- **Required action**: Only the lines from the start of the data through the line with "内側の底が傾斜していて、自然" belong in the copy. Restate them word for word, minus the pictures.

[[ Material provided, beginning ]]

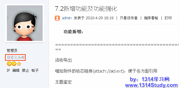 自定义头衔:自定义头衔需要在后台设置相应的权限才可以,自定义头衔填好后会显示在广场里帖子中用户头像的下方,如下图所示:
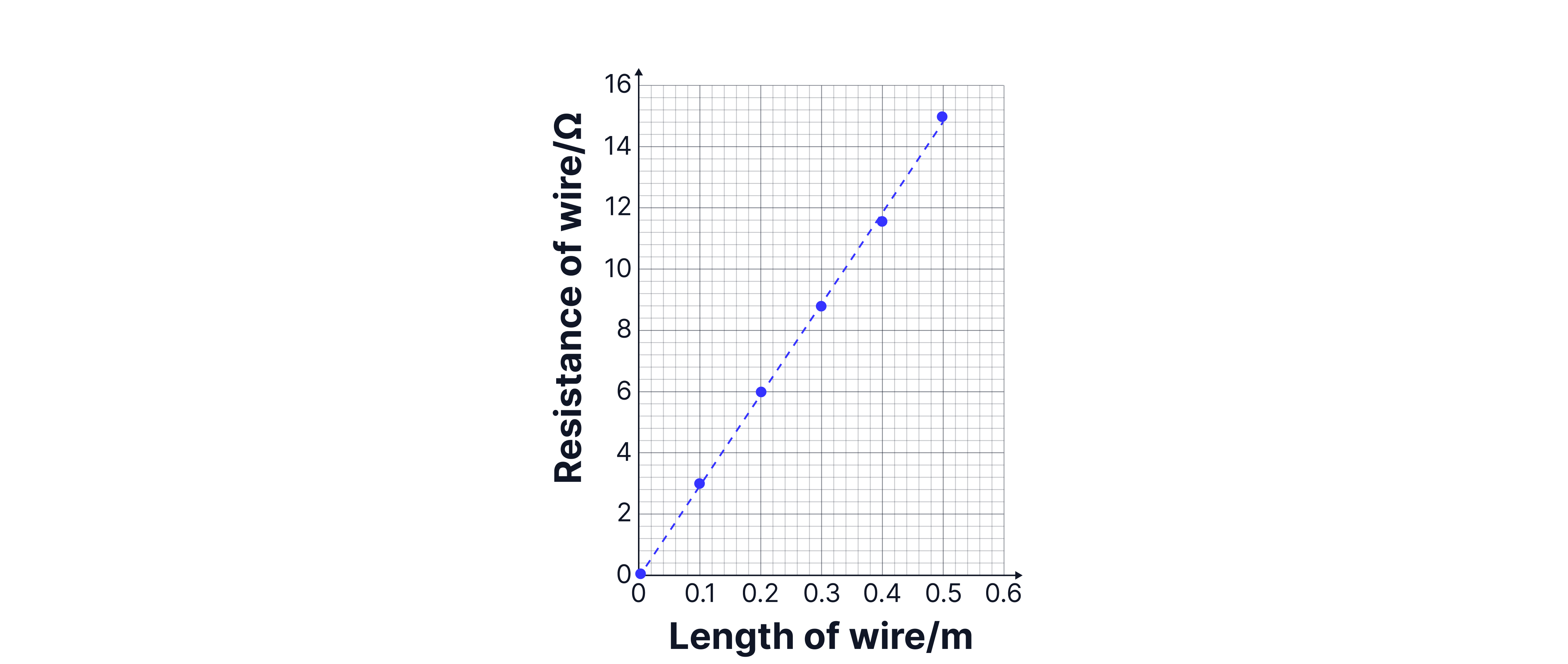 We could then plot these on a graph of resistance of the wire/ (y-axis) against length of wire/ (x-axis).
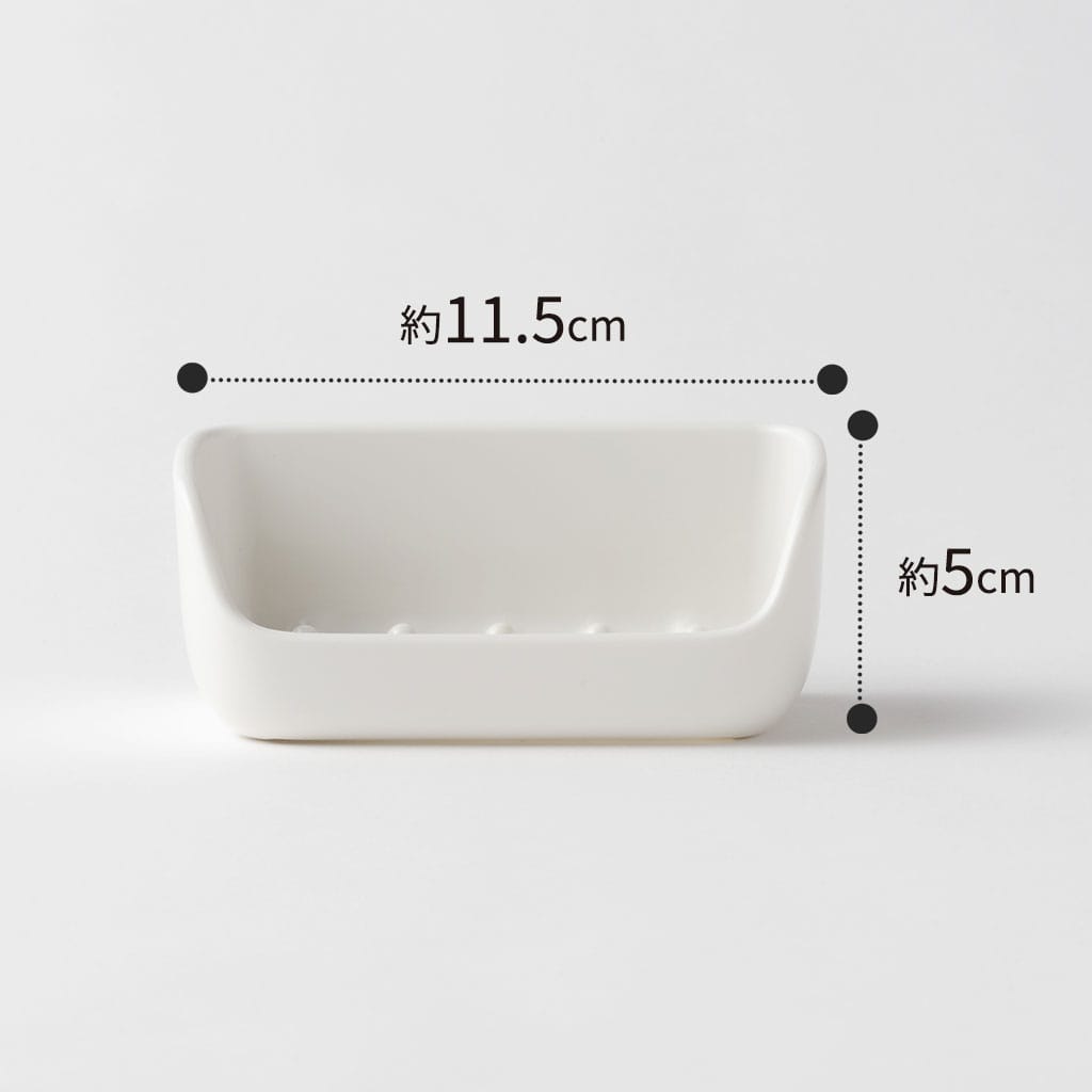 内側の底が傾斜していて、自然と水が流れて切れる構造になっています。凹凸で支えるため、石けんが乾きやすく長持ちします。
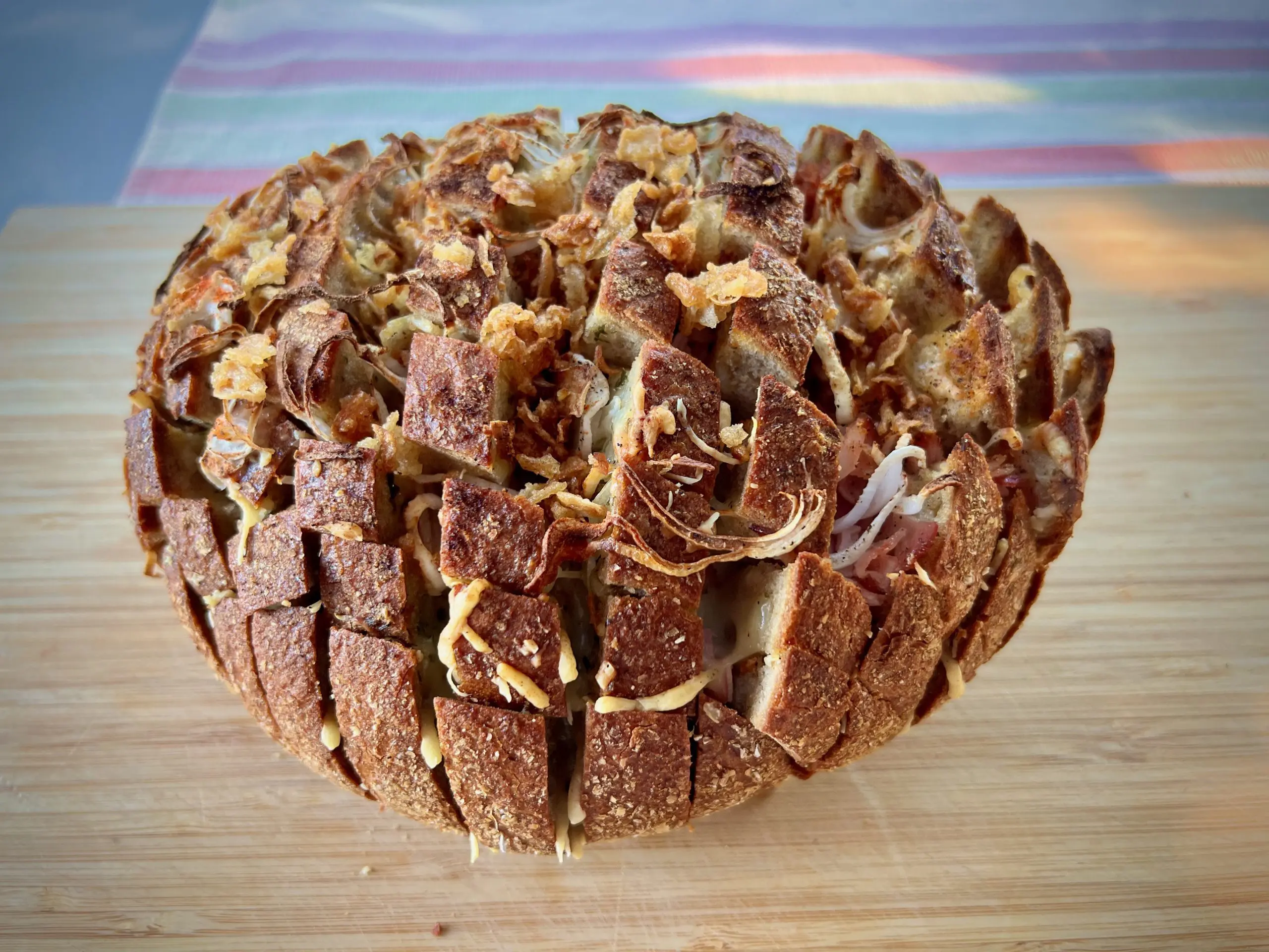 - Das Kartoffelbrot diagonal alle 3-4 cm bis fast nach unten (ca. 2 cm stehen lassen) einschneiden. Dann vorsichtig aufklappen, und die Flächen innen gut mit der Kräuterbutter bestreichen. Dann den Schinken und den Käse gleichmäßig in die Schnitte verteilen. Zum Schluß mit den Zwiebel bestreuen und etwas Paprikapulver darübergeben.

[[ Material provided, end ]]

- **Written response**:
 自定义头衔:自定义头衔需要在后台设置相应的权限才可以,自定义头衔填好后会显示在广场里帖子中用户头像的下方,如下图所示:
 We could then plot these on a graph of resistance of the wire/ (y-axis) against length of wire/ (x-axis).
 内側の底が傾斜していて、自然と水が流れて切れる構造になっています。凹凸で支えるため、石けんが乾きやすく長持ちします。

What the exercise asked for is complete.